Exactly, since there is no native windows photoshop version for the Mac, people will rather use Rosetta than reboot to windows to use the native windows version ...



			
				RacerX said:
			
		

> Professional Mac users don't buy top of the line Macs to run their primary apps _well enough_. These same people could have run almost all their apps but Photoshop natively in Mac OS X and run Photoshop _well enough_ in _Classic_ and still they stayed with Mac OS 9.


 But Classic gave them the option to switch, just like it did for me. When OS X began offering increasing addvantages over staying in OS 9, I switched. Classic made this possible. Rosetta likewise will make it possible for them to move over to Intel Macs. they will have to put up with some slowdown temporarily, BUT I *guess*/*predict* that a Quad - Dual Core Duo is going to be so much faster than a Quad - Dual Core G5 that the effective speed hit is going to be quasi nihil.



			
				RacerX said:
			
		

> Apple is going to have a hard time selling high end Intel systems until after their is a native version of all the major apps that those systems are being bought for.
> 
> That is just the facts.
> 
> And users who are willing to pay that much for a high end Intel system may also be willing to pay for a crossgrade to the Windows version of Photoshop to actually run Photoshop in Windows at the speeds they bought the hardware for to begin with.
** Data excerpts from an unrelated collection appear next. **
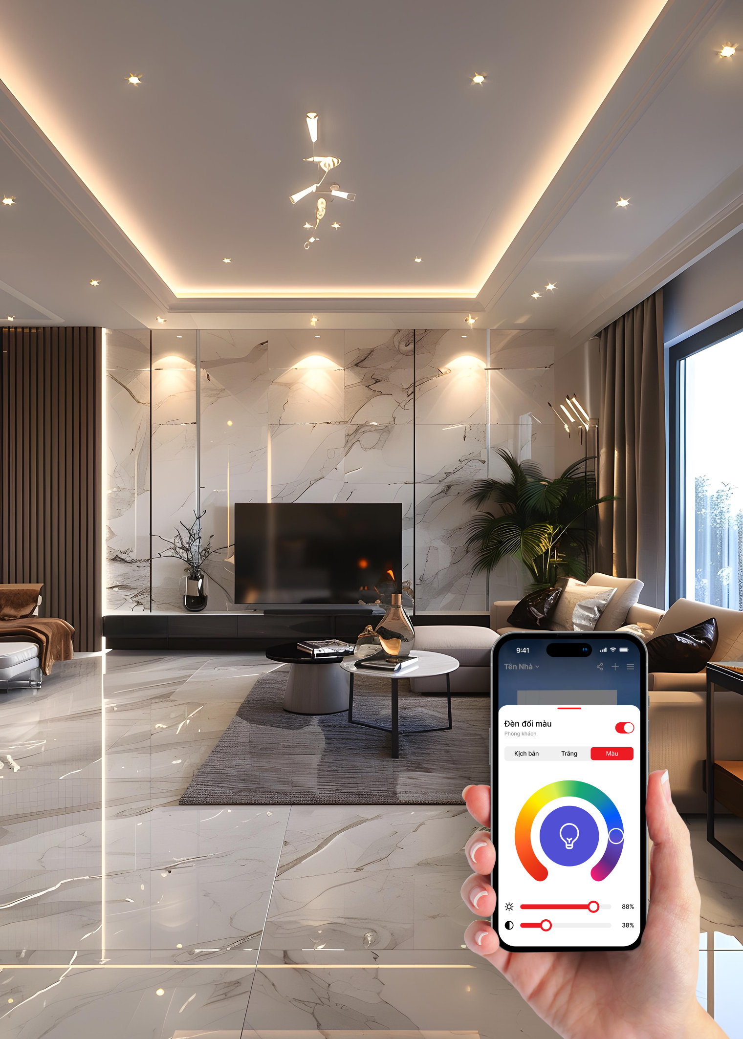 Dễ dàng bật/tắt hoặc điều chỉnh hệ thống chiếu sáng phù hợp với từng thời điểm trong ngày, tạo nên không gian sống thông minh, tiết kiệm và tinh tế.
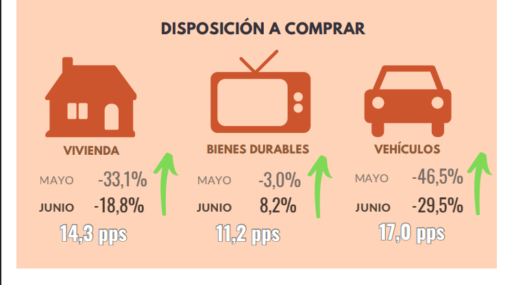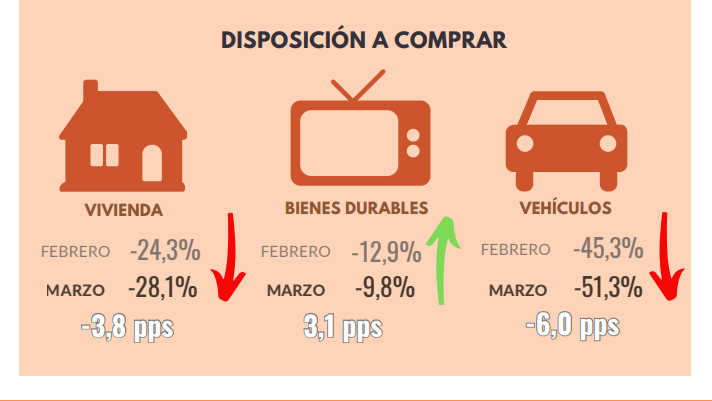 - Relativo al mes anterior, la disposición a comprar bienes durables aumentó, contrario a la disminución en la disposición a comprar vivienda.
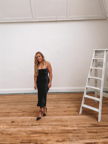 The ultimate LBD. The Seraphine dress flatters with it's slip like fit which hugs in all the right places. This piece features a straight neckline and shoestring straps which tie into the rouleau laced low cut back.
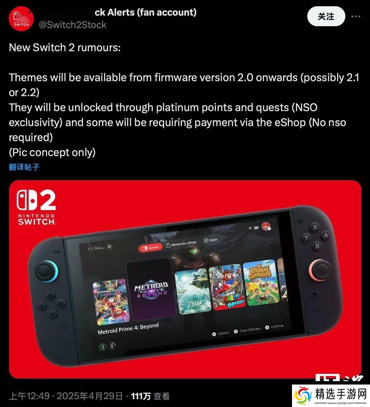 据爆料,Switch 2的当前固件版本尚未包含所有即将推出的功能。一个名为X平台Switch 2 Stock alerts的粉丝账号在上月底透露,从2.0固件版本(或可能是2.1、2.2版本)开始,Switch 2将引入更多主题选项。这些主题可能不会免费提供,玩家可能需要成为任天堂Switch Online会员,使用白金点数兑换,或者通过eShop直接购买。

 You are presuming that those people 1) will buy/already own Windows licences 2) will buy/already own Photoshop for Windows Adobe has stated, like Microsoft, that they will be supoprting OS X on intel, they will ship native versions, in fact, the next version is going to be native. they will tackle this like the OS 9 - OS X transition allowing for 18-24 months, i.e. a full release cycle. From the announcement of Intel macs, were Adobe's ceo pledged his support, in June 2005 already almost 12 months have elapsed. Adobe has moved on, Mac Pro systems are going to be released in the second half of this year at the latest, Adobe's products will follow. Professionals will have to put up with at most a few months of Rosetta, if they choose to be early adopters. Nothing is forcing them. Quad G5 machines will be viable throughout 2007. If I were a Pro, I'd probably consider switching/upgrading after MWSF 2007. Why? Pro Mac towers will be available, Leopard will have been released, Adobe will probably have released/announced Photoshop.




			
				RacerX said:
			
		

> Most graphic artist want to use Photoshop... would they be willing to use it in Windows on their Macs if there was no Mac version? Would enough be willing to do this that Adobe would either break even or profit from this?
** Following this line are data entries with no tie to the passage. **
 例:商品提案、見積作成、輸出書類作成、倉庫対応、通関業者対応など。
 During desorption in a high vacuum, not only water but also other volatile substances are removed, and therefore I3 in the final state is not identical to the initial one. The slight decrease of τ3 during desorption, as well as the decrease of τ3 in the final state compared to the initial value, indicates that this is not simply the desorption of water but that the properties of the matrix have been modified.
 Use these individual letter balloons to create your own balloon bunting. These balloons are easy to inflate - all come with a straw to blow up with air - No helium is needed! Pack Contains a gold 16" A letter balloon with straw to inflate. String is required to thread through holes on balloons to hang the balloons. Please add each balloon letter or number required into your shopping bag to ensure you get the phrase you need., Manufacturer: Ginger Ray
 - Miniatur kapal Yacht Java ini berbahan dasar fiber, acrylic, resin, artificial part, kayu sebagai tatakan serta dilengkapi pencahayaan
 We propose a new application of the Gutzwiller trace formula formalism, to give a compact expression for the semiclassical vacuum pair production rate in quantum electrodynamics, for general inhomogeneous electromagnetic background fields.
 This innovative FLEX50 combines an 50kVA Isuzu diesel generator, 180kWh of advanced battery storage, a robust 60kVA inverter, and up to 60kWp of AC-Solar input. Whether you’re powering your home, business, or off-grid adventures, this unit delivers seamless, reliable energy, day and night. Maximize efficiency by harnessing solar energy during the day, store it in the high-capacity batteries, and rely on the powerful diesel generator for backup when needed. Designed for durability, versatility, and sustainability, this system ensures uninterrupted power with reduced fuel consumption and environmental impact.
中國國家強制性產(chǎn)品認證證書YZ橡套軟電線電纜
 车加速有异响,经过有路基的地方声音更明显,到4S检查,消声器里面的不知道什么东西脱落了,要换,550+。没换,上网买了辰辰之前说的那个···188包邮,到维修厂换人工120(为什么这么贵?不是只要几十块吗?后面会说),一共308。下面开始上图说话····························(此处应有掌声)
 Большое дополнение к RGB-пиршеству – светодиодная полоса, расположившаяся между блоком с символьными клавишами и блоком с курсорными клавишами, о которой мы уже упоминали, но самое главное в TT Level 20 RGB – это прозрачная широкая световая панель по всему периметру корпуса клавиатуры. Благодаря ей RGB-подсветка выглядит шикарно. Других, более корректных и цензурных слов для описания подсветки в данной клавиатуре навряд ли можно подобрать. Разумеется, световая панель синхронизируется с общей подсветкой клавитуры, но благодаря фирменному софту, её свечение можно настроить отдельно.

 You seem to forget that there is a Mac version already, the one running under Rosetta. If you have evidence that this is actually compeltely unusabel, please say so or post evidence.



			
				RacerX said:
			
		

> I don't have blind faith like that. The best software doesn't always win... and we both know this.
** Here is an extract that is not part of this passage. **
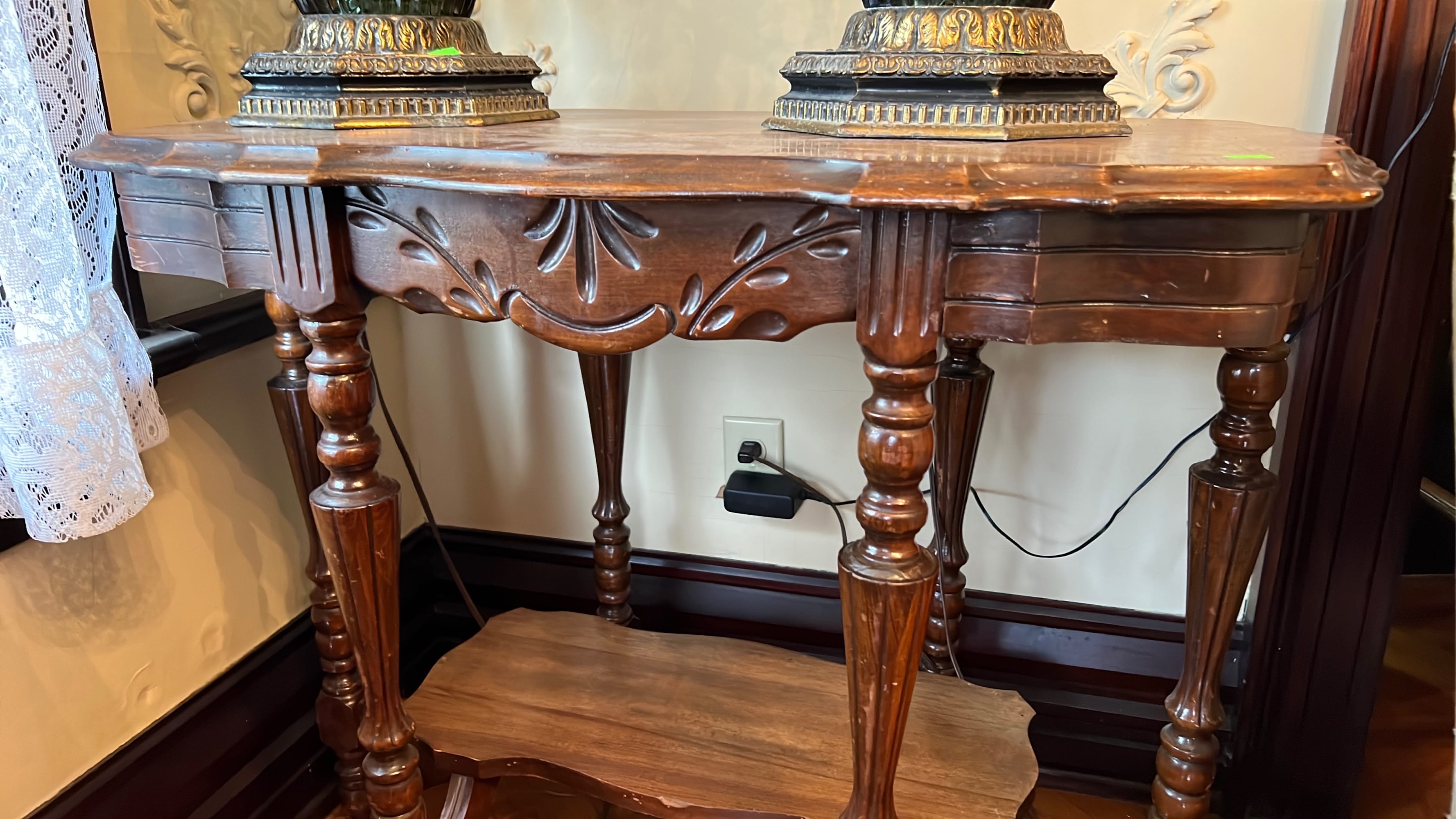 28 Vintage Parlor Table 34”x29.25”x19.75” (Contents not included)
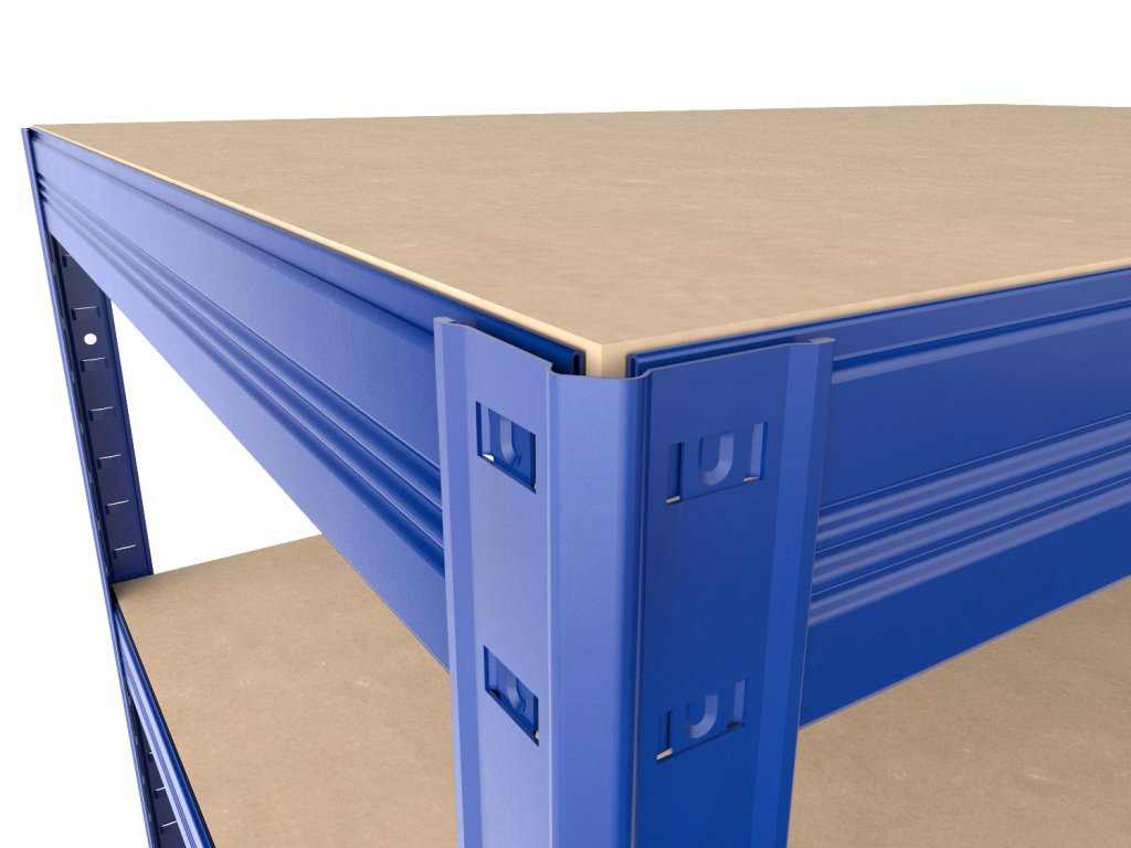 Garagenregal mit Fachböden aus MDF-Platten, die unter hohem Druck hergestellt werden. Es zeichnet sich durch hohe Stabilität und ein intuitives Stecksystem aus. Die werkzeuglose Montage ist schnell und unkompliziert: Die Bodenträger werden einfach in die Winkelprofile gesteckt und durch leichtes Klopfen fixiert. Diese schraubenlose Verbindung garantiert eine hohe Steifigkeit. Wichtiger Hinweis: Die MDF-Platten sind nur für trockene Innenräume geeignet.

I completely agree.. I do not have _blind_ faith either. That's why I gave several reasons, backed by facts and references to developer reactions, to support my views. Most developers are 1) geeks and excited about this 2) happy that mind and marketshare will probably expand. Check out Omni's reaction, for instance, or Gruber's comments.


----------



## powermac (Apr 7, 2006)

My initial reaction to Boot Camp, is much like my initial reaction was to actually going to Boot Camp. I certainly don't think Boot Camp is going to destroy the Mac, or OSX. 
Doesn't this now obligate Apple to provide support to people experiencing trouble with Boot Camp ? 
What are PC manufactures thinking? Will OSX be available for Dells and the like ? 
All ready I am hearing rumors, and getting questions about does Apple feel confident about OSX's future? 
I have to admit, at the present moment, I am not sure what Apple is doing.


----------



## fryke (Apr 7, 2006)

Okay. Just noticed that this post is going to be a little off-topic. So here first my short answer. (You can skip the rest if you want.) -> RacerX: Talk of impending doom and it'll materialise if enough people believe in it and work on it hard enough. I'm against that. I don't want to be blind and deaf, but I guess we all *know* by now that there's a danger. But again: You don't eat the food as hot as it's being cooked. (Dunno if that proverb exists in English in some variant...) Apple was doomed back in the day because they didn't allow clones. Apple was doomed because they weren't Windows compatible. Then Apple was doomed because they DID allow clones. Then they were doomed because of Windows 95. And then because of other things. OS X wasn't working right, so Apple was definitely doomed. Now Apple is doomed because it _does_ allow Windows software to run at native speeds on Mac hardware. There's a pattern. Apple is *always* doomed and it *always* survives improved.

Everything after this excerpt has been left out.